The United States Green Building Council's LEED program allows points for the use of bamboo floors by virtue of it being a rapidly renewable resource.

Since the majority of bamboo timber comes from China, it has to be shipped to the international destinations by boat and then by truck to vendors. A study which compared the embodied energy (including transportation) of bamboo flooring from Hunan Province, China to Denver, Colorado favored locally sourced concrete above bamboo flooring due to the additional carbon costs associated with transport.

Controversy exists over agricultural and manufacturing issues related to the production of bamboo floors, including the environmental effects of deforestation in order to plant bamboo and the use of carcinogenic chemicals such as urea-formaldehyde in the glues used for lamination in some products.

Bamboo flooring has led to deforestation, as existing trees are cut down to be replaced with bamboo plantations; this results in soil erosion in the often hilly and mountainous areas occupied by forestland, along with a loss of biodiversity in the region as other flora and fauna are cleared for bamboo. Additionally, the use of pesticides, weed killers and fertilizers in bamboo production can have an effect on the environment.

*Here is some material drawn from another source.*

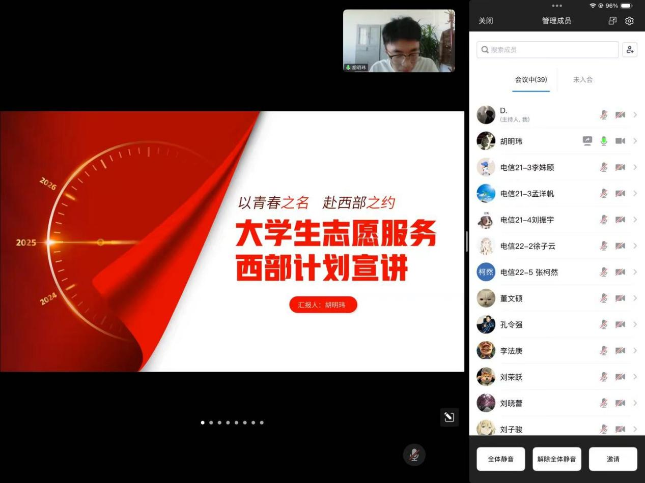 为积极响应共青团中央关于引导青年面向基层就业的号召,深入落实大学生志愿服务西部计划相关工作部署,引导青年学子厚植家国情怀、勇担时代使命,4月12日以线上形式成功举办2025年大学生志愿服务西部计划专题宣讲会。活动特邀2020级优秀校友、西部计划优秀志愿者胡明玮担任主讲,吸引了近50多名应届毕业生及在校学生云端相聚,共同凝听西部故事。
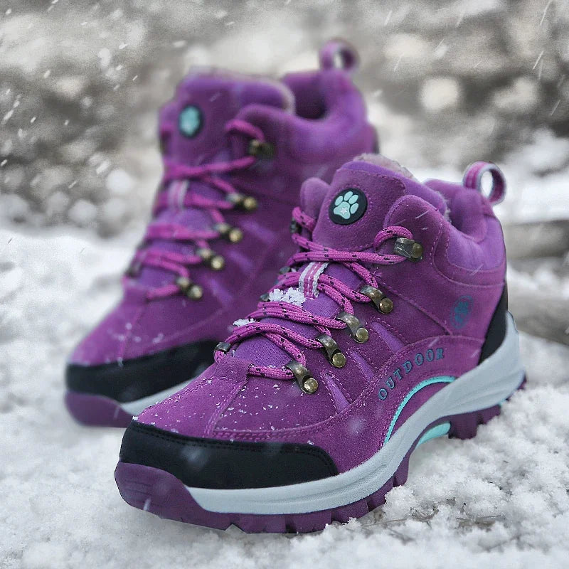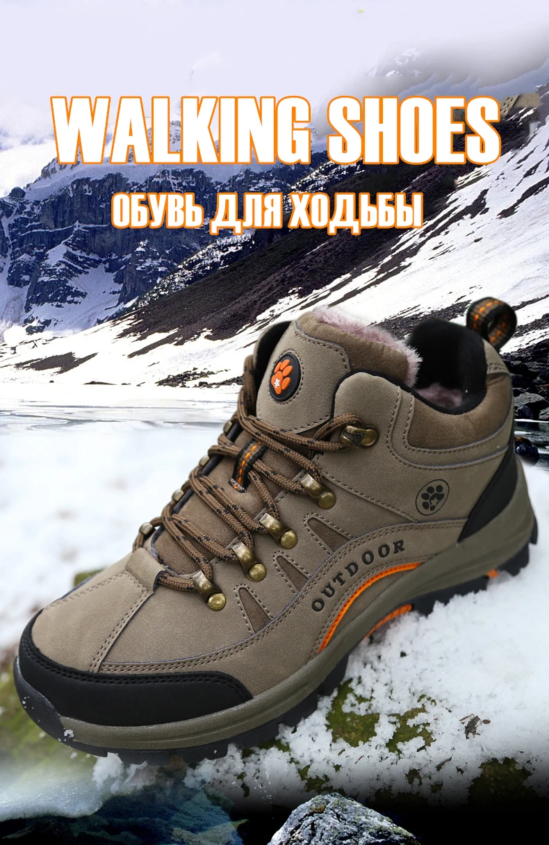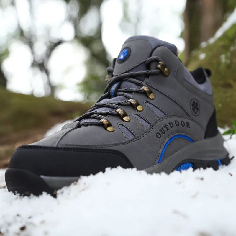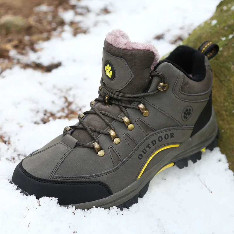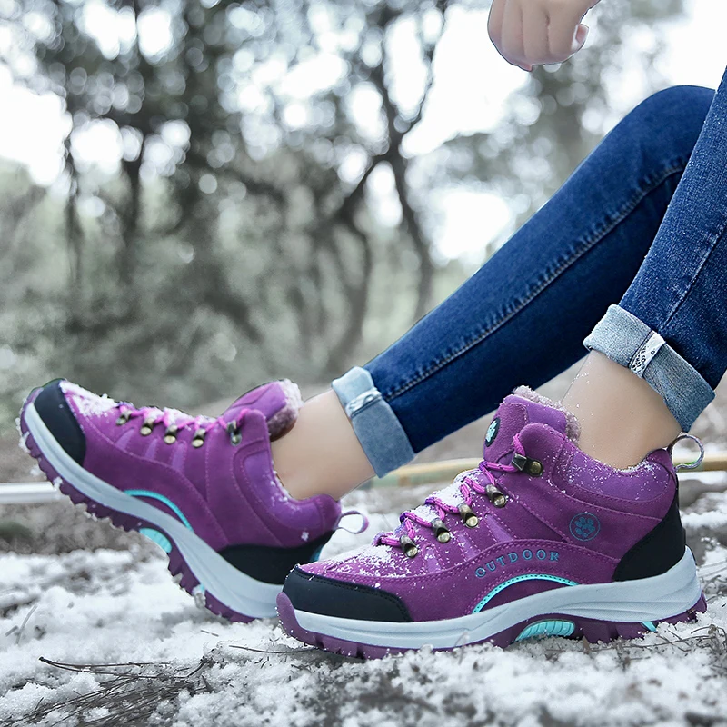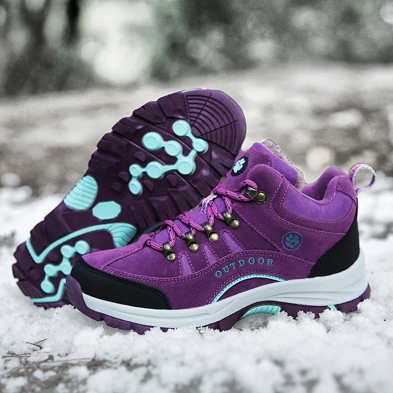 Unisex Winter Plush High Top Hiking Shoes Women Outdoor High Quality Keep Warm Snow Casual Sneakers Men Non-slip Trekking Boots

During the manufacturing of bamboo floors, some manufacturers use urea-formaldehyde as the adhesive for bonding the bamboo strips. According to the stringent California Air Resources Board (CARB) standards there can be no more than 0.05 ppm (parts per million) of outgassed formaldehyde. According to the USGBC's LEED standard products with Urea-formaldehyde do not qualify for the EQ 4.4 Low-Emitting Products category. Manufacturers are now offering formaldehyde-free bamboo flooring, but they can claim that they have "no added urea-formaldehyde" without providing substantial proof. Manufacturers may make use of equipment that may in itself be dangerous and polluting. Some manufacturers may require their products to be registered under International Organization for Standardization (ISO) standards 9001 for quality control and 14001 for environmental management systems EMS, although these standards are not necessarily very high.

== Maintenance ==
Like most hardwood floors, bamboo floors should be treated carefully. When mopping, it is best to use a dust mop to remove the dust and grime. A stiff bristled broom can be used to remove more stubborn dirt from the crevices of the floor. Wet mops should be avoided on the bamboo flooring. When it is necessary to mop the floor, wring the mop out thoroughly to prevent any extra water from being released onto the floor. Cleaning detergents should be checked to make sure that they are safe for hard wood floors before they are added to the mop water. Many detergents contain a waxing agent which will dull the color of the flooring and leave behind a filmy glaze.